How should one subtract the following square roots? I am aware of the fact that you can only add or subtract two square roots if their 'radical part' is the same.

$\displaystyle y^* = \sqrt{\frac{2KD}{h}} \cdot \sqrt{\frac{s+h}{s}}$

$\displaystyle y_s^* = \sqrt{\frac{2KD}{h}} \cdot \sqrt{\frac{s}{s+h}}$

$\displaystyle y^* - y_s^* = \ ???$

The answer should be $\displaystyle \sqrt{\frac{2KD}{s}} \cdot \sqrt{\frac{h}{s+h}}$

  • $\begingroup$ Are all your variables, in particular $h$ and $s$, assumed to be positive? $\endgroup$ – Barry Cipra Jan 10 '17 at 21:34
  • $\begingroup$ Yeah, all variables are > 0. $\endgroup$ – Anna Jan 10 '17 at 21:42

Well, just..do the the Math.

We have : $$\sqrt\frac{2KD}{h}\sqrt\frac{s+h}{s}-\sqrt\frac{2KD}{h}\sqrt\frac{s}{s+h}=\\\sqrt\frac{2KD}{h}\Big(\sqrt\frac{s+h}{s}-\sqrt\frac{s}{s+h}\Big)=\\\sqrt\frac{2KD}{h}\Big(\frac{s+h-s}{\sqrt{s(s+h)}}\Big)=\\\sqrt\frac{2KD}{h}\Big(\frac{h}{\sqrt{s(s+h)}}\Big)=\\\sqrt{2KD}\frac{h}{\sqrt{h}}\frac1{\sqrt{s(s+h)}}=\sqrt\frac{2KD}{s}\sqrt\frac{h}{s+h}\\$$

since $$\frac{h}{\sqrt{h}}=\frac{h\sqrt{h}}{(\sqrt{h})^2}=\sqrt{h}$$

  • $\begingroup$ What do you do in the third step?

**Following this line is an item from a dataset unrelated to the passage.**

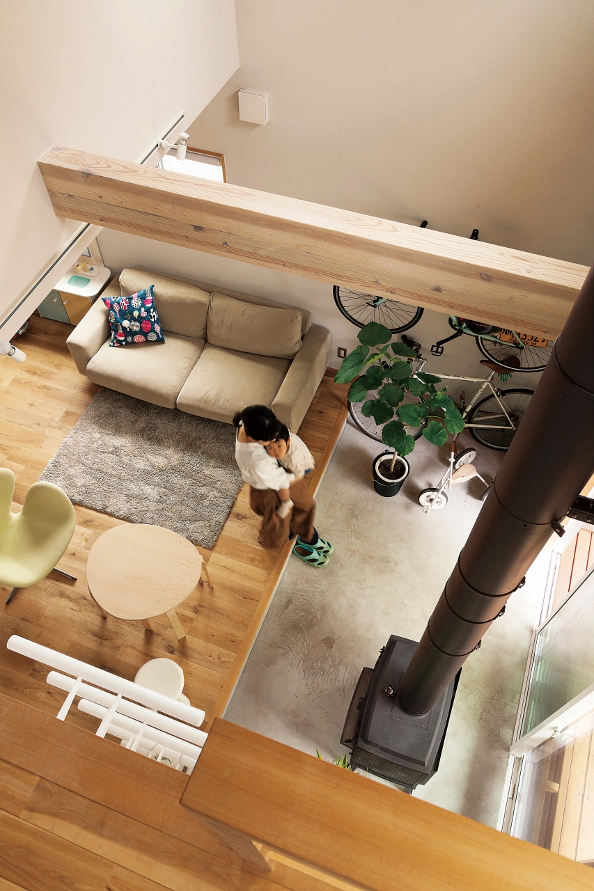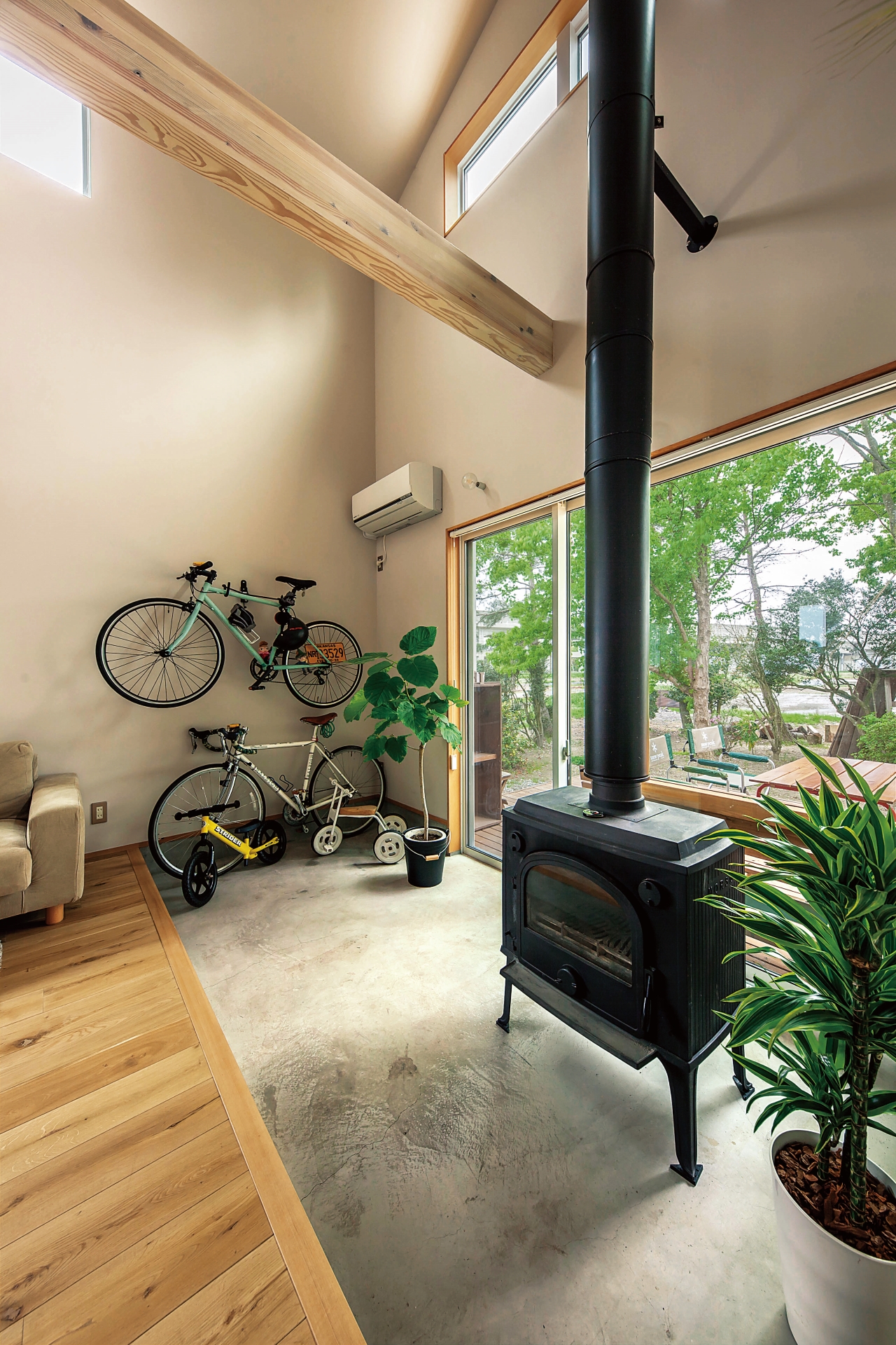 ご主人様:趣味の自転車が置ける土間と薪ストーブ。

Subtracting of the two roots is not possible there right (since the 'radical parts' are not equal)? $\endgroup$ – Anna Jan 10 '17 at 21:21
  • $\begingroup$ @Anna In more detail $\frac{\sqrt{s+h}}{\sqrt{s}}-\frac{\sqrt{s}}{\sqrt{s+h}}=\frac{(\sqrt{s+h})^2}{\sqrt{s}\sqrt{s+h}}-\frac{(\sqrt{s})^2}{\sqrt{s}\sqrt{s+h}}$ I simply make the denominators equal.. $\endgroup$ – MathematicianByMistake Jan 10 '17 at 21:26
  • 1
    $\begingroup$ Perfectly clear. $\endgroup$ – Anna Jan 10 '17 at 21:57
  • $\begingroup$ @Anna Glad to help! $\endgroup$ – MathematicianByMistake Jan 10 '17 at 22:07

Let us start by writing

$$A = \frac{2KD}{h}$$

You want to simplify

$$\sqrt{A}\sqrt{\frac{s+h}{s}} - \sqrt{A}\sqrt{\frac{s}{s+h}} = \\ \sqrt{A}\left(\sqrt{\frac{s+h}{s}} - \sqrt{\frac{s}{s+h}} \right) $$

Now let us rewrite $\sqrt{\frac{s}{s+h}}$:

$$\sqrt{\frac{s}{s+h}} = \sqrt{\frac{1}{\frac{s+h}{s}}} = \frac{1}{\sqrt{\frac{s+h}{s}}}$$

Put that back and reduce to the same denominator:

$$\sqrt{A}\left(\sqrt{\frac{s+h}{s}} - \sqrt{\frac{s}{s+h}} \right) = \\ \sqrt{A}\left(\sqrt{\frac{s+h}{s}} - \frac{1}{\sqrt{\frac{s+h}{s}}}\right) = \\ \sqrt{A}\left(\frac{\frac{s+h}{s}}{\sqrt{\frac{s+h}{s}}} - \frac{\frac{s}{s}}{\sqrt{\frac{s+h}{s}}}\right) = \\ \sqrt{A}\left( \frac{\frac{h}{s}}{\sqrt{\frac{s+h}{s}}} \right) $$

Can you take it from here? You should put the $\frac{h}{s}$ inside the square root, write $A$ in its original form and manipulate one $h$ and one $s$ from the right factor to the $A$ factor.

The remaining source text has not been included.